"""
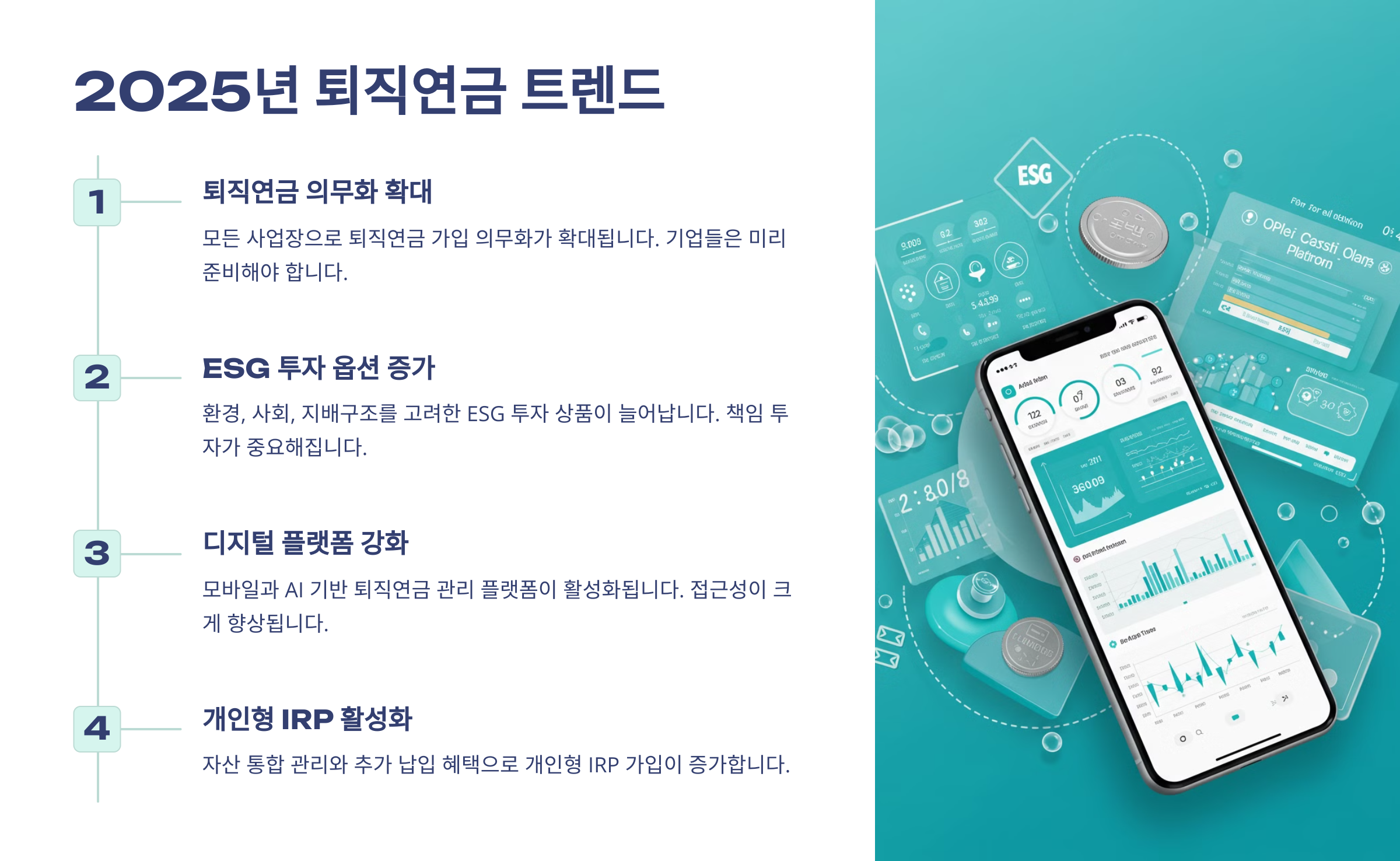 그리고 2025년에는 모바일 기반 자산관리 앱이 퇴직연금과 연동되면서, 본인이 직접 운용 상황을 실시간으로 확인하고 조정할 수 있게 됐어요. 이제 퇴직연금도 '내 손안의 자산'이 되는 시대죠. 📱
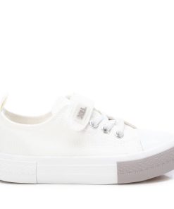 Zapatilla de niña y de niño, de la marca Xti Kids. Fabricada en resistente lona. Cierre adherente con cordones elásticos. Original suela de goma antideslizante. Clásico diseño que no puede faltar esta temporada para completar los looks más casual de los pequeños. Este modelo ha obtenido el certificado vegano por la organización mundial PETA (Organización de los derechos de los animales).
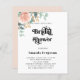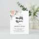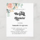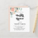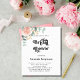 En chic vit bakgrund. Dekorerad med en rosenguld och rosafärgad blommig, rosblomma och gröna akvarellmålade eukalyptusblad, kvistar, grönska och en falsk guld kvist. Personifiera och lägg till namnet på den blivande bruden och festdetaljer.
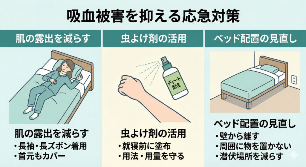 駆除と並行して、吸血被害を減らす対策も重要です。
"""
_Assignment_: Line by line, return the listing above exactly, dropping every picture.

_Completed task_:
 그리고 2025년에는 모바일 기반 자산관리 앱이 퇴직연금과 연동되면서, 본인이 직접 운용 상황을 실시간으로 확인하고 조정할 수 있게 됐어요. 이제 퇴직연금도 '내 손안의 자산'이 되는 시대죠. 📱
 Zapatilla de niña y de niño, de la marca Xti Kids. Fabricada en resistente lona. Cierre adherente con cordones elásticos. Original suela de goma antideslizante. Clásico diseño que no puede faltar esta temporada para completar los looks más casual de los pequeños. Este modelo ha obtenido el certificado vegano por la organización mundial PETA (Organización de los derechos de los animales).
 En chic vit bakgrund. Dekorerad med en rosenguld och rosafärgad blommig, rosblomma och gröna akvarellmålade eukalyptusblad, kvistar, grönska och en falsk guld kvist. Personifiera och lägg till namnet på den blivande bruden och festdetaljer.
 駆除と並行して、吸血被害を減らす対策も重要です。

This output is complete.